Web Scraping with Electron

Dylan Frankland

December 23rd, 2016

Web scraping is a necessary evil that takes unordered information from the Web and transforms it into something that can be used programmatically. The first big use of this was indexing websites for use in search engines like Google. Whether you like it or not, there will likely be a time in your life, career, academia, or personal projects where you will need to pull information that has no API or easy way to digest programatically. The simplest way to accomplish this is to do something along the lines of a curl request and then RegEx for the necessary information.
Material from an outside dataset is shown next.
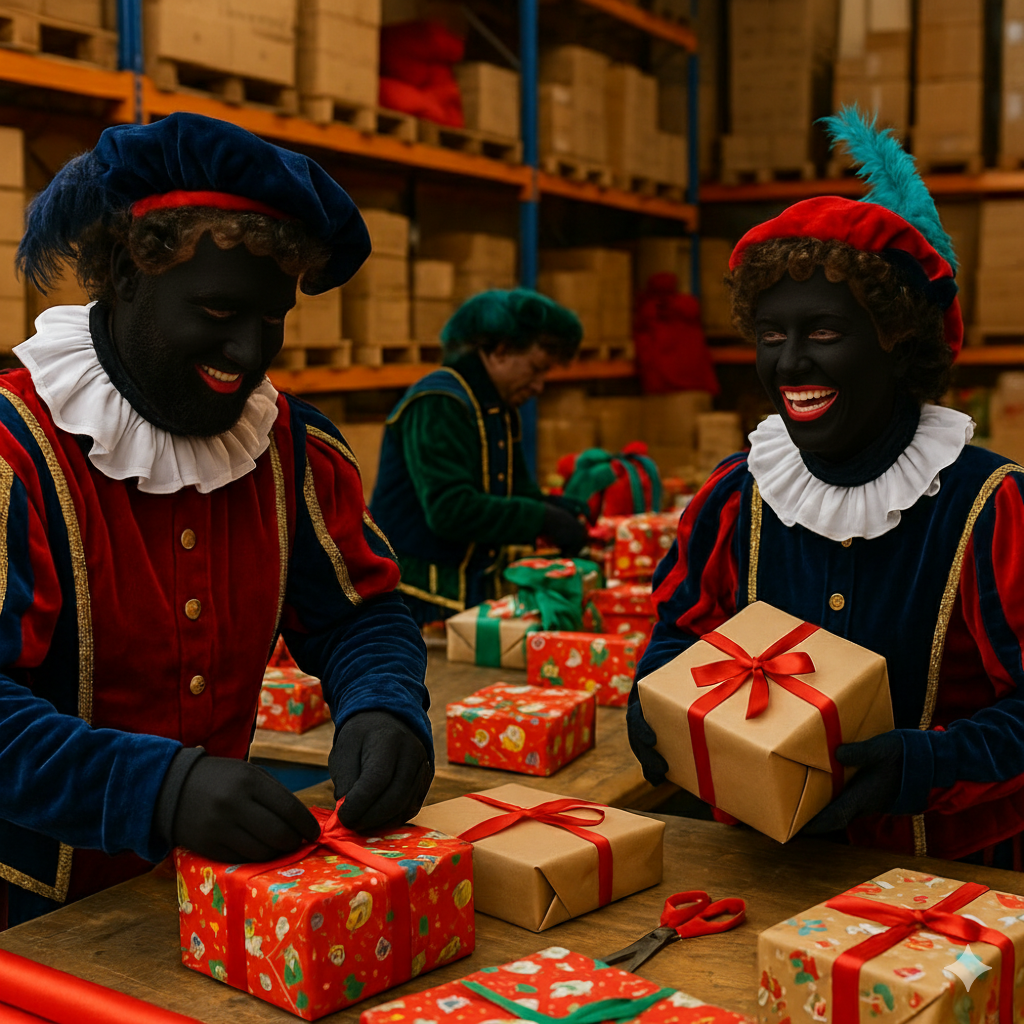 Zodra de eerste lintjes het daglicht zien, ontploft het magazijn als een soort workshop van een hyperactieve startup.Elke Piet heeft zijn eigen stijl.De ene maakt strakke, bijna zakelijke pakketjes — strak als een contract.

That has been what the standard procedure for much of the history of web scraping until the single-page application came along. With the advent of Ajax, JavaScript became the mainstay of the Web and prevented much of it from being scraped with traditional methods such as curl that could only get static server rendered content. This is where Electron truly comes into play because it is a full-fledged browser but can be run programmatically.

Electron's Advantages

Electron goes beyond the abilities of other programmatic browser solutions: PhantomJS, SlimerJS, or Selenium. This is because Electron is more than just a headless browser or automation framework. PhantomJS (and by extension SlimerJS), run headlessly only preventing most debugging and because they have their own JavaScript engines, they are not 100% compatible with node and npm. Selenium, used for automating other browsers, can be a bit of a pain to set up because it requires setting up a central server and separately installing a browser you would like to scrape with. On the other hand, Electron can do all the above and more which makes it much easier to setup, run, and debug as you start to create your scraper.

Applications of Electron

Considering the flexibility of Electron and all the features it provides, it is poised to be used in a variety of development, testing, and data collection situations. As far as development goes, Electron provides all the features that Chrome does with its DevTools, making it easy to inspect, run arbitrary JavaScript, and put debugger statements. Testing can easily be done on websites that may have issues with bugs in browsers, but work perfectly in a different environment. These tests can easily be hooked up to a continuous integration server too. Data collection, the real reason we are all here, can be done on any type of website, including those with logins, using a familiar API with DevTools for inspection, and optionally run headlessly for automation. What more could one want?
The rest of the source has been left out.